REQUIRED ACTION: Each line of data below is to be returned exactly, leaving out any picture.

PROVIDED MATERIAL:

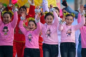 (250124) — KASHGAR, 24 enero, 2025 (Xinhua) — Imagen del 22 de enero de 2025 de niñas presentándose durante una «gala de aldea», en el distrito de Shache de Kashgar, en la región autónoma uygur de Xinjiang, en el noroeste de China. La «gala de aldea», que incluyó ferias gastronómicas, presentaciones de canciones y danzas tradicionales, exhibiciones de patrimonio cultural inmaterial y eventos deportivos, se llevó a cabo aquí con motivo el próximo Festival de la Primavera, o Año Nuevo Lunar chino. (Xinhua/Ding Lei) (jg) (da) (ce)
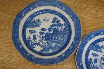 Lot 327 , Four early 19th century English pearlware blue and white plates, largest 23.5cm. Condition - fair
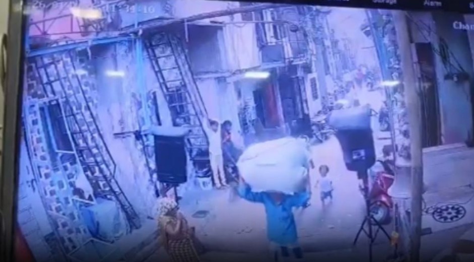 En las imágenes se observa que la pesada bocina cae directamente sobre la menor, quien en ese momento corría detrás del hombre, sin percatarse del peligro.
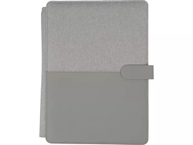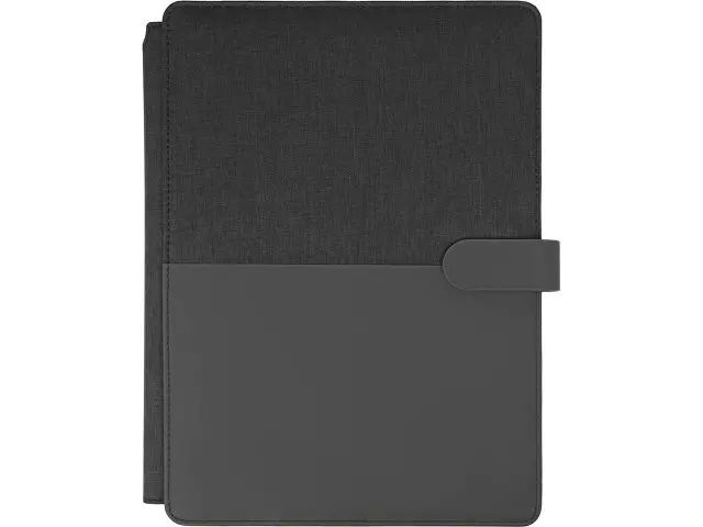 Стильная папка для документов формата А4 с комбинированной обложкой из текстиля и искусственной кожи. Удобный внутренний органайзер имеет карман на застёжке для планшета, блокнот для записей с линованной бумагой.

WRITTEN REPLY:
 (250124) — KASHGAR, 24 enero, 2025 (Xinhua) — Imagen del 22 de enero de 2025 de niñas presentándose durante una «gala de aldea», en el distrito de Shache de Kashgar, en la región autónoma uygur de Xinjiang, en el noroeste de China. La «gala de aldea», que incluyó ferias gastronómicas, presentaciones de canciones y danzas tradicionales, exhibiciones de patrimonio cultural inmaterial y eventos deportivos, se llevó a cabo aquí con motivo el próximo Festival de la Primavera, o Año Nuevo Lunar chino. (Xinhua/Ding Lei) (jg) (da) (ce)
 Lot 327 , Four early 19th century English pearlware blue and white plates, largest 23.5cm. Condition - fair
 En las imágenes se observa que la pesada bocina cae directamente sobre la menor, quien en ese momento corría detrás del hombre, sin percatarse del peligro.
 Стильная папка для документов формата А4 с комбинированной обложкой из текстиля и искусственной кожи. Удобный внутренний органайзер имеет карман на застёжке для планшета, блокнот для записей с линованной бумагой.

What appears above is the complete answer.